由于此书不配代码,以下代码都是本宝宝在ipynb测试过的,运行环境为hdp2.6.2和Anaconda2。
完整ipynb和py代码地址:
https://gitee.com/iscas/deep_spark_ml/tree/master
11.3 数据加载
删除标题
sed 1d train.tsv > train_noheader.tsv
上传到hdfs
hdfs dfs -put train_noheader.tsv /u01/bigdata/data/
11.4 数据探索
PYSPARK_DRIVER_PYTHON=ipython PYSPARK_DRIVER_PYTHON_OPTS="notebook" pyspark
Path = "hdfs://XX:8020/u01/bigdata/"
raw_data = sc.textFile(Path + "data/train_noheader.tsv")
raw_data.take(2)
查看总行数:
numRaw = raw_data.count()
numRaw
按键进行统计
raw_data.countByKey()
11.5 数据预处理
1)过滤时间戳和网页内容
records = raw_data.map(lambda line: line.split('\t'))
records.first()
3)查看每行列数
len(records.first())
4)将RDD中的所有元素以列表的形式返回
data = records.collect()
5)查看data数据一行有多少列
numColumns = len(data[0])
numColumns
6)对数据进行清理工作,并且定义一个列表data1,存放处理过的数据,格式为[(label_1, feature_1), (label_2, feature_2), ...]
清理步骤如下:
1)去掉引号
2)把标签列(即最后一列)转换为整数
3)把第4列的?转换为0.0
代码如下:
from pyspark.ml.linalg import Vectors
from pyspark.ml.classification import DecisionTreeClassifier
data1 = []
for i in range(numRaw):
trimmed = [ each.replace('"', "") for each in data[i] ]
label = int(trimmed[-1])
features = map(lambda x: 0.0 if x == "?" else x, trimmed[4: numColumns-1]) #只取第5到27列
c = (label, Vectors.dense(map(float, features)))
data1.append(c)
查看data1数据:
data1[0] #下面是输出结果
(0, DenseVector([0.7891, 2.0556, 0.6765, 0.2059, 0.0471, 0.0235, 0.4438, 0.0, 0.0, 0.0908, 0.0, 0.2458, 0.0039, 1.0, 1.0, 24.0, 0.0, 5424.0, 170.0, 8.0, 0.1529, 0.0791]))
11.6 创建决策树模型
1)将data1转换为DataFrame对象,label为标签列,features为特征值列
df = spark.createDataFrame(data1, ["label", "features"])
df.show(2)
#显示df的schema
df.printSchema(),下面是结果
root
|-- label: long (nullable = true)
|-- features: vector (nullable = true)
2)将df载入内存
df.cache()
3)建立特征索引
from pyspark.ml.feature import VectorIndexer
featureIndexer = VectorIndexer(inputCol="features", outputCol="indexedFeatures", maxCategories=24).fit(df)
4)将数据切分成80%训练集和20%测试集
(trainData, testData) = df.randomSplit([0.8, 0.2], seed=1234L) #seed=1234L表示每次生成的训练集和测试集总行数不变
trainData.count()
testData.count()
5)指定决策树模型的深度、标签列、特征值列、使用信息熵作为评估方法,并训练数据
dt = DecisionTreeClassifier(maxDepth=5, labelCol="label", featuresCol="indexedFeatures", impurity="entropy")
6)构建流水工作流
from pyspark.ml import Pipeline
pipeline = Pipeline(stages = [featureIndexer, dt])
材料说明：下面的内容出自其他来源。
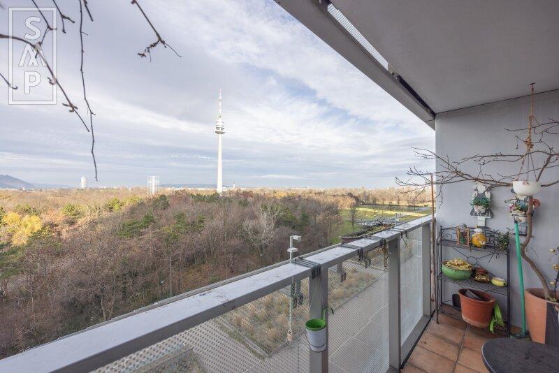 Die im 4 Liftstock gelegene Wohnung befindet sich in einem der bekanntesten und modernsten Wohn- und Geschäftstürme Wiens dem Mischek Tower. Das Gebäude ist bekannt für seine hochwertige Bauweise, die gepflegten Gemeinschaftsflächen und natürlich für den fantastischen Ausblick.

model = pipeline.fit(trainData) #训练模型
11.7 训练模型进行预测
2)使用数据集中第一行的特征值数据进行预测
test0 = spark.createDataFrame([(data1[0][1],)], ["features"])
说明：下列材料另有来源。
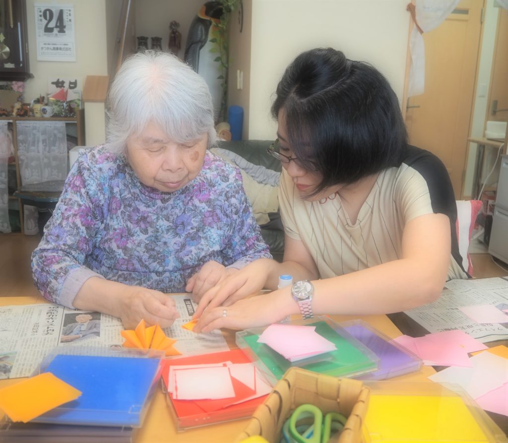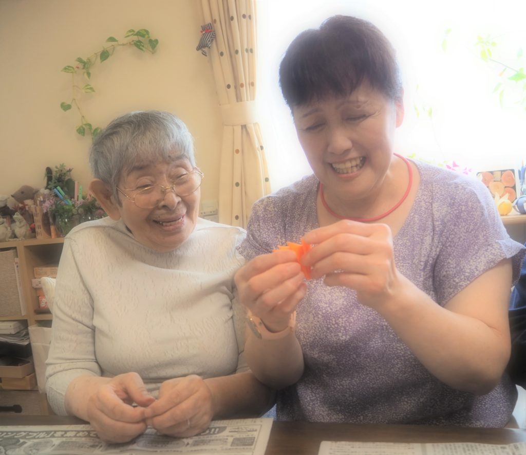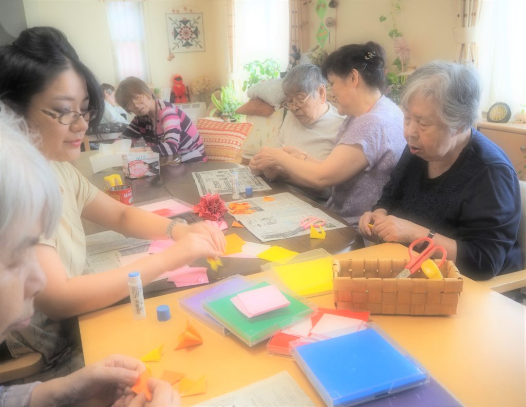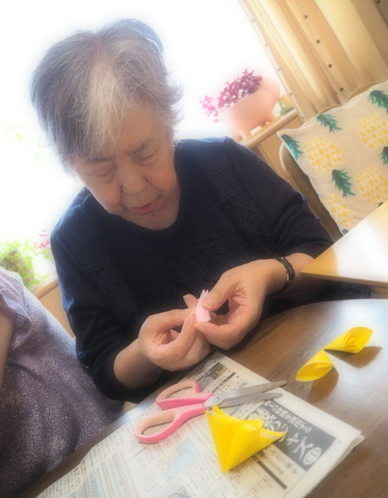 今日は久しぶりに折り紙のくす玉作りに挑戦されたみなさん。

result = model.transform(test0)
result.show()
输出结果:
+--------------------+--------------------+-------------+--------------------+----------+
| features| indexedFeatures|rawPrediction| probability|prediction|
+--------------------+--------------------+-------------+--------------------+----------+
|[0.789131,2.05555...|[0.789131,2.05555...|[564.0,578.0]|[0.49387040280210...| 1.0|
+--------------------+--------------------+-------------+--------------------+----------+
result.select(['prediction']).show() #只获取预测值
输出结果:
+----------+
|prediction|
+----------+
| 1.0|
+----------+
3)将第一行的特征值数据修改掉2个(这里换掉第1个和第2个值),进行该特征值下的预测
firstRaw = list(data1[0][1])
firstRaw[0]
firstRaw[1]
predictData = Vectors.dense(firstRaw)
predictData
结果:
DenseVector([0.7891, 2.0556, 0.6765, 0.2059, 0.0471, 0.0235, 0.4438, 0.0, 0.0, 0.0908, 0.0, 0.2458, 0.0039, 1.0, 1.0, 24.0, 0.0, 5424.0, 170.0, 8.0, 0.1529, 0.0791])
4)进行新数据的预测
predictRaw = spark.createDataFrame([(predictData,)], ["features"])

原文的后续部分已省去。